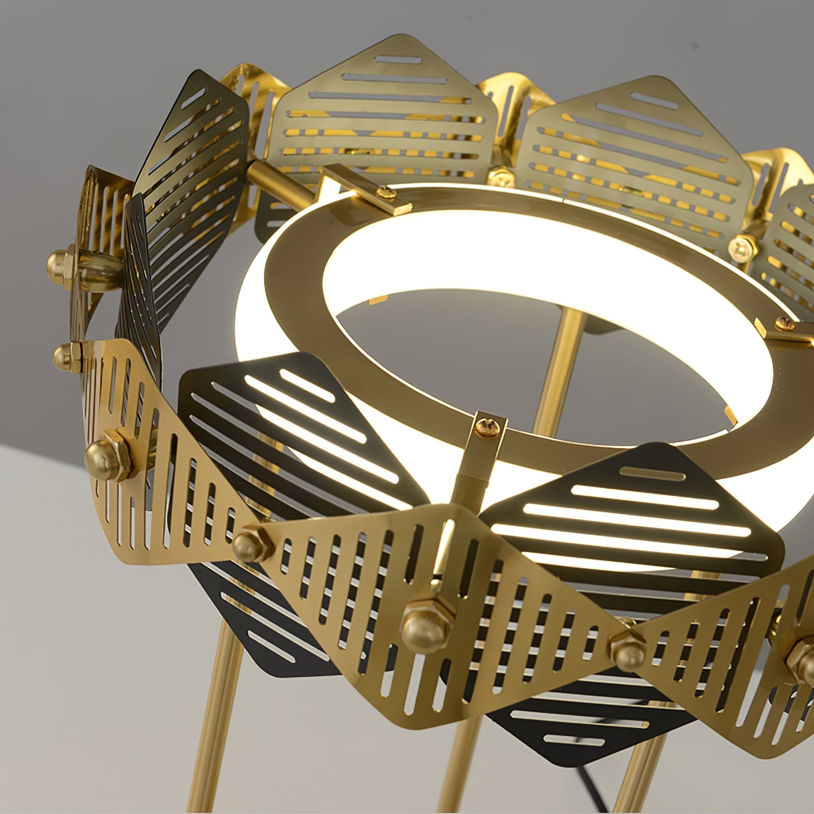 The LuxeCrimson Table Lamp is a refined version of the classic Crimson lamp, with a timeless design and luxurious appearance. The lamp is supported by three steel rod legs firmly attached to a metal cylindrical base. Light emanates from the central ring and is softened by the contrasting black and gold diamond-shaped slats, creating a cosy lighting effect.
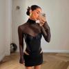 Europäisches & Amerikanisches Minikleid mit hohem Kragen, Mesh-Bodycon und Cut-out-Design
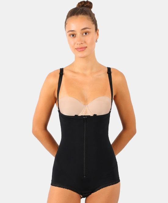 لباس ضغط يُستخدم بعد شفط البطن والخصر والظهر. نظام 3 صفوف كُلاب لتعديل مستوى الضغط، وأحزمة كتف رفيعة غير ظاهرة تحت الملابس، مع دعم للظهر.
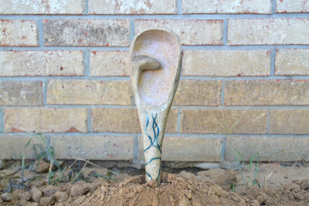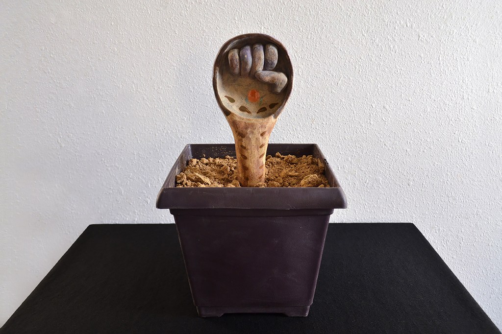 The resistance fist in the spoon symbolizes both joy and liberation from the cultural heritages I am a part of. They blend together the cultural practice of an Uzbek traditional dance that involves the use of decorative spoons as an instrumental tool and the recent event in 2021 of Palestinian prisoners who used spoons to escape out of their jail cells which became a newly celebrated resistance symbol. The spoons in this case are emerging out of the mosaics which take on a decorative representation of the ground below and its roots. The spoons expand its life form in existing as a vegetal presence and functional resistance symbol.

--

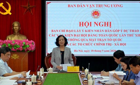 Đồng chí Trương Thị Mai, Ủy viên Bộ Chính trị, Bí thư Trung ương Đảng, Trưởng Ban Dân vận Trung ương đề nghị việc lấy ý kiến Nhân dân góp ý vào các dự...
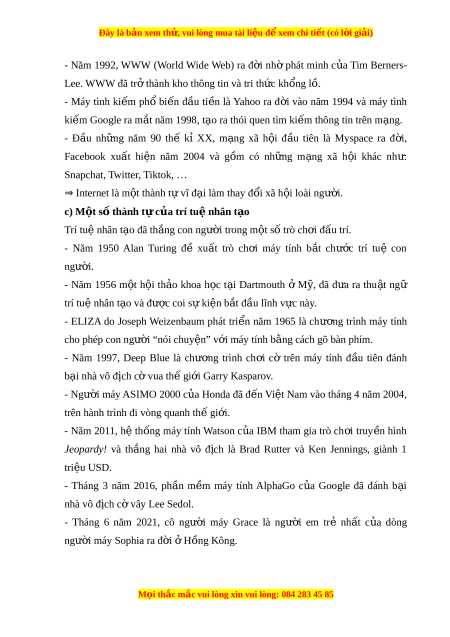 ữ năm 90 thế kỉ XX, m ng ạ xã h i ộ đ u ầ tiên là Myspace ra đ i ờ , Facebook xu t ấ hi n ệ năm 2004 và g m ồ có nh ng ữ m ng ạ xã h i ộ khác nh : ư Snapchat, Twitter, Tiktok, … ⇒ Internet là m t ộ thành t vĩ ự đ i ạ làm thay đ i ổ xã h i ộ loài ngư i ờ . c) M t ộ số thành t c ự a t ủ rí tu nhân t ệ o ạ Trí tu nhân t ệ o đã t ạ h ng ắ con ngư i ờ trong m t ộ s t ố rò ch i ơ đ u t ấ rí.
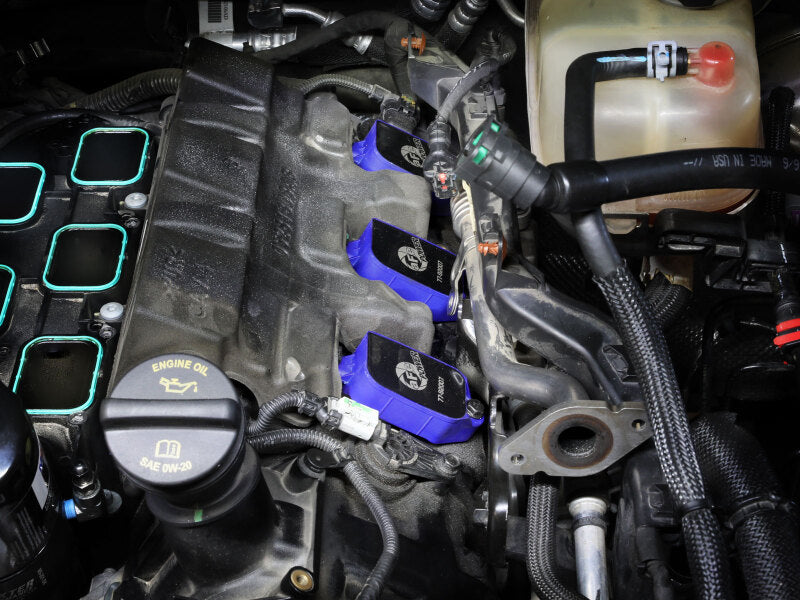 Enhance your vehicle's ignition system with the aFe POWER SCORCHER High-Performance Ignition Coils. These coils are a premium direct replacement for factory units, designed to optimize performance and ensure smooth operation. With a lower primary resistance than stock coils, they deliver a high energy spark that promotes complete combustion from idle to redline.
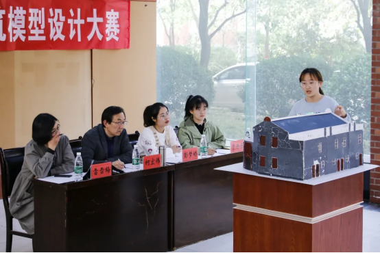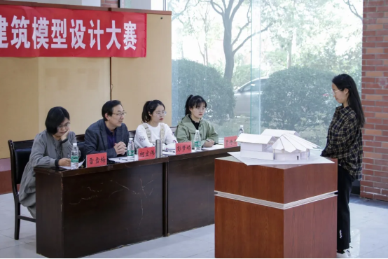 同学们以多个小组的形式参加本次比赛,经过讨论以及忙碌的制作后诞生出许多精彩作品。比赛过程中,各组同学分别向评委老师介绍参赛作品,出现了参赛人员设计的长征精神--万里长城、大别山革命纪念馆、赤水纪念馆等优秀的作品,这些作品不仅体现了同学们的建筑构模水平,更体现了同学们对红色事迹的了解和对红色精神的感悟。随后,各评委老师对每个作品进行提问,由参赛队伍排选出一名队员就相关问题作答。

## WORK REQUEST
Extract the part of the records that opens with the line containing "Europäisches & Amerikanisches" and closes with the line containing "The resistance fist". Take only those lines, exactly, and no pictures.

## RESULT OF THE TASK
 Europäisches & Amerikanisches Minikleid mit hohem Kragen, Mesh-Bodycon und Cut-out-Design
 لباس ضغط يُستخدم بعد شفط البطن والخصر والظهر. نظام 3 صفوف كُلاب لتعديل مستوى الضغط، وأحزمة كتف رفيعة غير ظاهرة تحت الملابس، مع دعم للظهر.
 The resistance fist in the spoon symbolizes both joy and liberation from the cultural heritages I am a part of. They blend together the cultural practice of an Uzbek traditional dance that involves the use of decorative spoons as an instrumental tool and the recent event in 2021 of Palestinian prisoners who used spoons to escape out of their jail cells which became a newly celebrated resistance symbol. The spoons in this case are emerging out of the mosaics which take on a decorative representation of the ground below and its roots. The spoons expand its life form in existing as a vegetal presence and functional resistance symbol.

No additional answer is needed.